The Nervous System as Control Center: Adaptation or Protection Mode
The autonomic nervous system, the part that works unconsciously, has two main states: activation and recovery. Simply put, it constantly decides whether you are in adaptation mode or protection mode.
In adaptation mode, the body can invest: in cell repair, muscle building, good digestion, a stable hormone balance, and learning processes in the brain. In protection mode, it shuts down these programs because “survival is more important now than long-term care.” This was evolutionarily sensible when it came to acute danger. Today, the same mechanisms are triggered by deadlines, arguments, constant notifications, and internal pressure.
For longevity, it’s important: The more often the system feels safe, the more likely it is to switch to adaptation. The more threats it registers, the more likely you are to remain in protection mode.
The following five ways aim to give the nervous system more safety signals, through breathing, stimuli, relationships, training, and strength building.
1. Sigh Breathing–the Smallest but Most Effective Reset
Breathing is the most direct interface between our consciousness and our autonomic nervous system. We can control it voluntarily and thus directly influence our stress physiology. The so-called sigh breathing takes advantage of this.
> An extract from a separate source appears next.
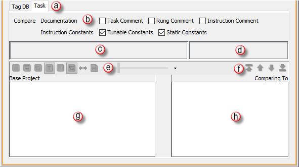 There are two sections to Project Compare, TagDB and Task. This section covers the portion shared by the two different compares. TabDB and Task Compare are covered in more detail in the following sections.

The exercise is simple but well-researched neurophysiologically: Through two short inhalations and one long, complete exhalation, the pressure in the lungs changes, the ratio of oxygen and carbon dioxide in the blood is regulated, and a clear signal towards “calm” is sent.
This is how sigh breathing works:
- Inhale normally through the nose.
- Immediately after, take another short breath, as if “topping off” the lungs a bit.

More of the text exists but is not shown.